I'm using SVA package for identifying unwanted variation and then removing batch effects from my RNA-Seq data.

Let's say I found my ten SV with sva function; my question is: how can I calculate the  proportion of variance explained for each SV, as for PCs in PCA?

Thanks a lot,

Mattia

sva svd explained variance pca • 1.6k views
3
Entering edit mode
Jeff Leek ▴ 610
@jeff-leek-5015
Last seen 7 months ago
United States
Hi Mattia There is currently no approach for calculating the percent of variance explained for SVs.
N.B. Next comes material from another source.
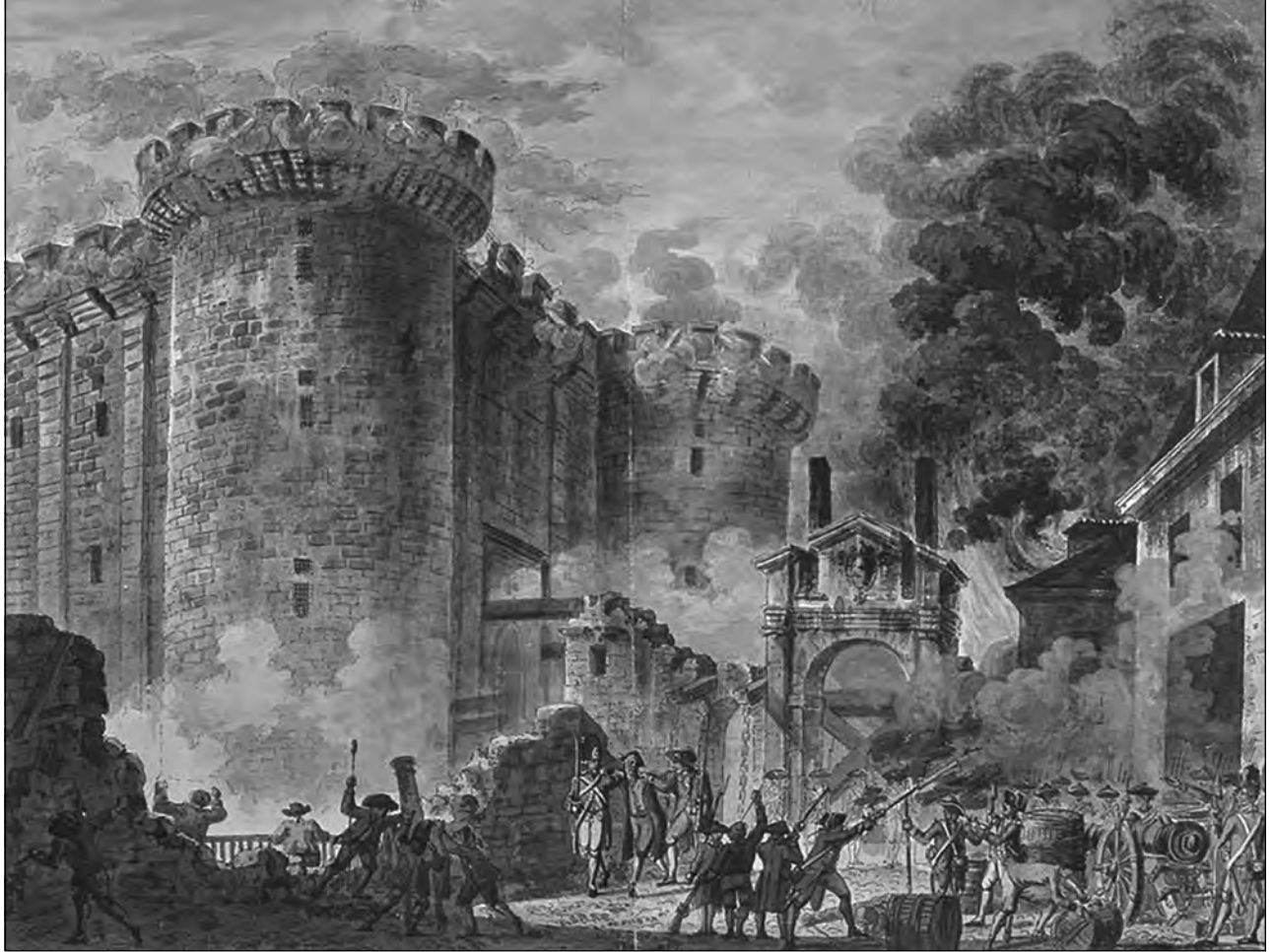
Jean-Pierre Houël, The Storming of The Bastille , July 14, 1789

يعتبر الكثيرون الهجوم على سجن الباستيل في باريس أول حدث عنيف كبير للثورة الفرنسية.

I think you can get a pretty good approximation by looking at the percent of variance explained by the equivalent number of PCs. But I haven't explored this carefully. Jeff On Thu, Oct 20, 2016 at 11:30 AM mchiesa [bioc] <noreply@bioconductor.org> wrote: > Activity on a post you are following on support.bioconductor.org > > User mchiesa <https: support.bioconductor.org="" u="" 9769=""/> wrote Question: > SVA and proportion of variance explained > <https: support.bioconductor.org="" p="" 88553=""/>: > > Hi guys, > > I'm using SVA package for identifying unwanted variation and then removing > batch effects from my RNA-Seq data. > > Let's say I found my ten SV with sva function; my question is: how can I > calculate the proportion of variance explained for each SV, as for PCs in > PCA? > > Thanks a lot, > > Mattia > ------------------------------ > > Post tags: sva, svd, explained variance, pca > > You may reply via email or visit SVA and proportion of variance explained >
0
Entering edit mode

Thanks Jeff for your precious suggestion. Actually, I tried to do something similar to PCA, using a part of your "sva code":

dat <- data_normalized
pprob <- svaobj$pprob.gam*(1-svaobj$pprob.b)
dats <- dat*pprob

dats <- dats - rowMeans(dats)
uu <- eigen(t(dats)%*%dats)

uu_val <-uu$values / sum(uu$values)

which could express the fraction of each eigenvalue over the total sum. Can I interpret the object uu_val as the "Percent of explained variance" for each SV?

I finally produced the figure where each SV is plotted against the corrisponding uu_val.

x_val <- 1:ncol(dats)

expl_var_plot <- as.data.frame(cbind(x_val,uu_val))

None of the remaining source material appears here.